# Thomas Watson on Sinning With the Multitude



## VirginiaHuguenot (Sep 21, 2008)

Thomas Watson, Sermon preached on August 17, 1662:



> Think not the better of sin because it is in fashion. Think not the better of impiety and ungodliness, because most walk in those crooked ways. Multitude is a foolish argument. Multitude doth not argue the goodness of a thing. The devil's name is legion, that signifieth a multitude. Hell-road is this day full of travellers. Esteem not the better of sin, because most go this way. Do we think better of the plague, because it is common? The plea of a multitude, will not hold at God's bar, when God shall ask, Why did you profane my sabbath? why were you drunk? why did you break your oath?

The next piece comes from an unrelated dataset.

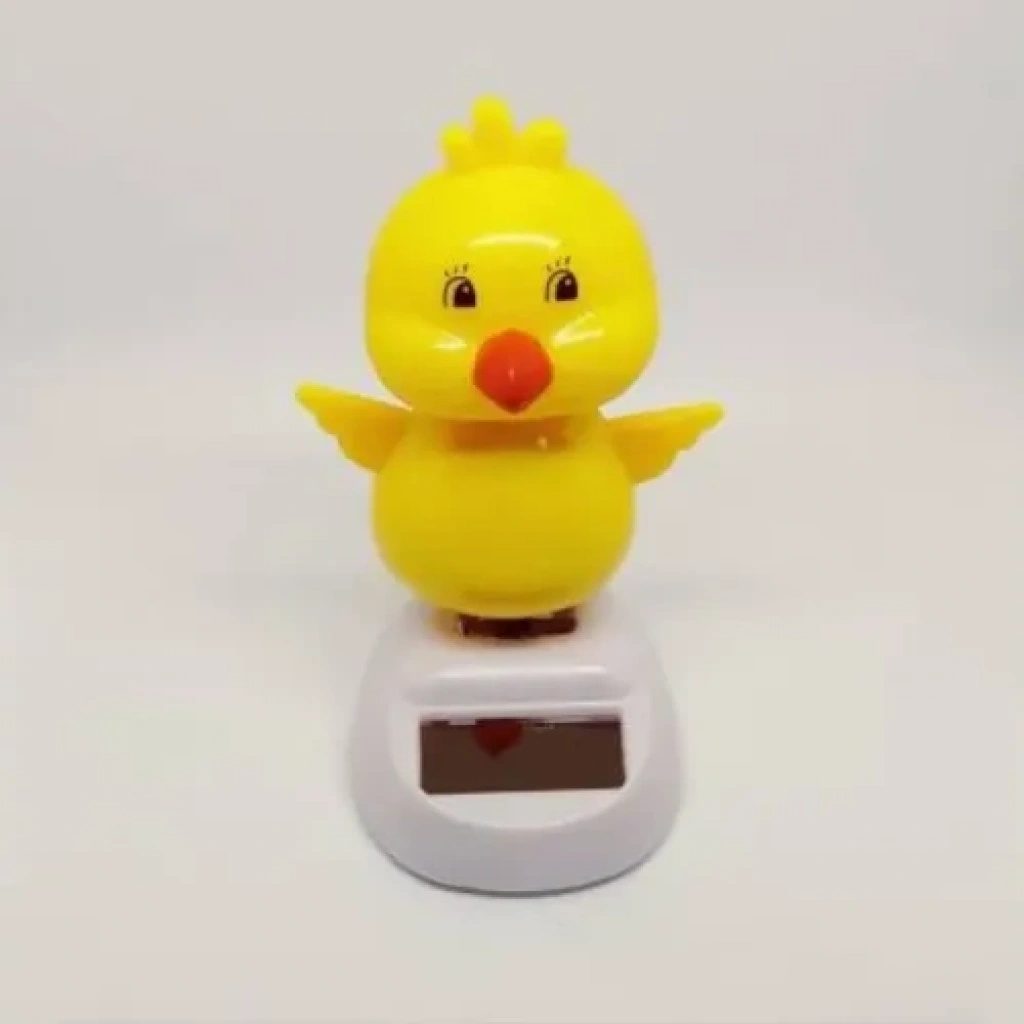 Solar Dans Eden Civciv: Enerjisi Bitmeyen Minik Mutluluk KaynağıArabanızın gösterge paneline, ofis masanıza veya evinizin pencere kenarına anında neşe katacak, Güneş Enerjili Solar Dans Eden Civciv figürü ile tanışın! 10x6 cm boyutundaki bu sevimli figür, çalıştırmak için hiçbir pile ihtiyaç duymaz. Sadece üzerine düşen güneş ışığı veya güçlü bir aydınlatma ile enerjisini alır ve oynamaya başlar.✨ Neden Bu Civciv Vazgeçilmez?Sonsuz Enerji: Pil derdi yok! Güneş enerjisi (solar panel) ile çalışır, çevre dostu ve %100 ekonomiktir. Bir kere alırsınız, ömür boyu dans eder.Neşe Kaynağı: Başını sürekli sallayan dans figürü, bulunduğu ortama anında pozitif enerji ve mizah katar. Sadece çocuklar için değil, yetişkinler için de harika bir stres azaltıcıdır.Kolay Sabitleme: Altında bulunan güçlü yapışkanlı bant sayesinde araba, pencere pervazı, masa üstü gibi her türlü düz yüzeye kolayca sabitlenebilir.İdeal Boyut: 10x6 cm boyutuyla görüş alanını kapatmaz, her yere sığar ve sevimli detaylarıyla dikkat çeker.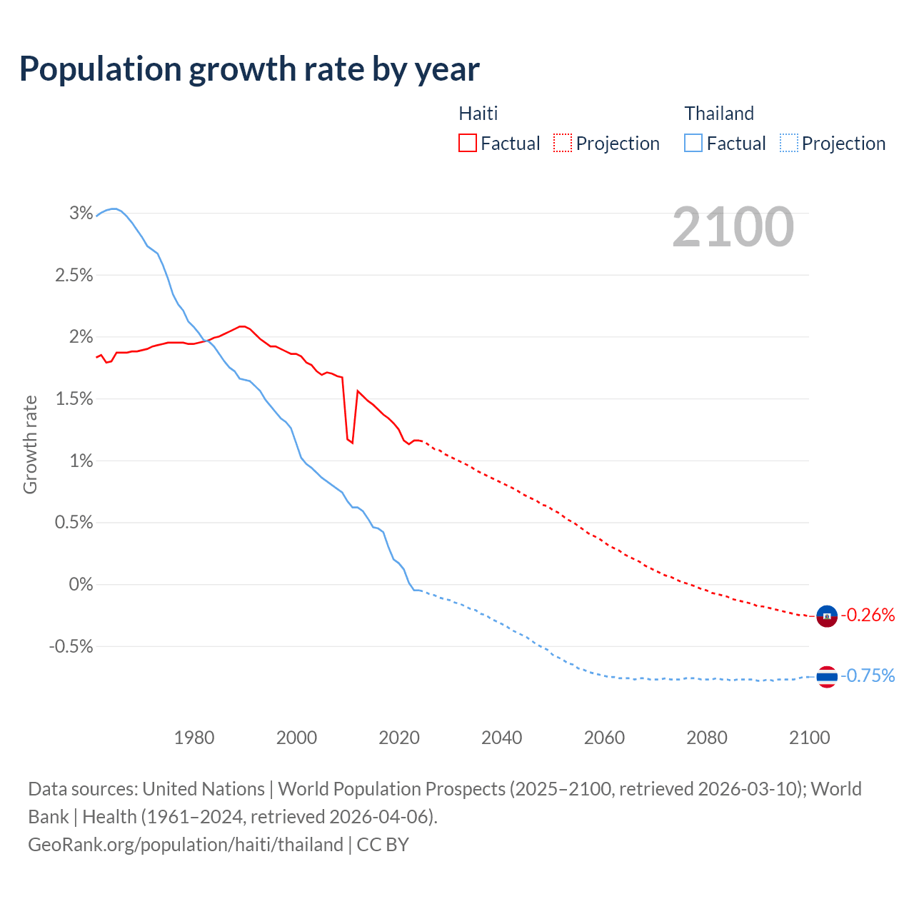- For the last 10 years, Haiti has had an average growth rate of +1.29% per year vs +0.23% in Thailand.

To say then, Lord, because most men did so, will be a poor plea. God will say to you then, seeing you have sinned with the multitude, you shall now go to hell with the multitude. I beseech you, as you tender your souls, walk antipodes to the corruptions of the times. If you are living fish, swim against the stream, dead fish swim down the stream, Ephes. v. 11. "Have no fellowship with the unfruitful works of darkness, but rather reprove them."


----------



## Quickened (Sep 21, 2008)

Thats a fitting quote andrew! Where did you find this quote?


----------



## VirginiaHuguenot (Sep 21, 2008)

Quickened said:


> Thats a fitting quote andrew! Where did you find this quote?



Indeed! It is found in _Farewell Sermons of Some of the Most Eminent of the Nonconformist Ministers_, p. 203.

Links and Downloads Manager - Preaching - Farewell Sermons of Some of the Most Eminent of the Nonconformist Ministers - The PuritanBoard


----------



## Pilgrim72 (Sep 21, 2008)

Awesome! Thanks!!!


----------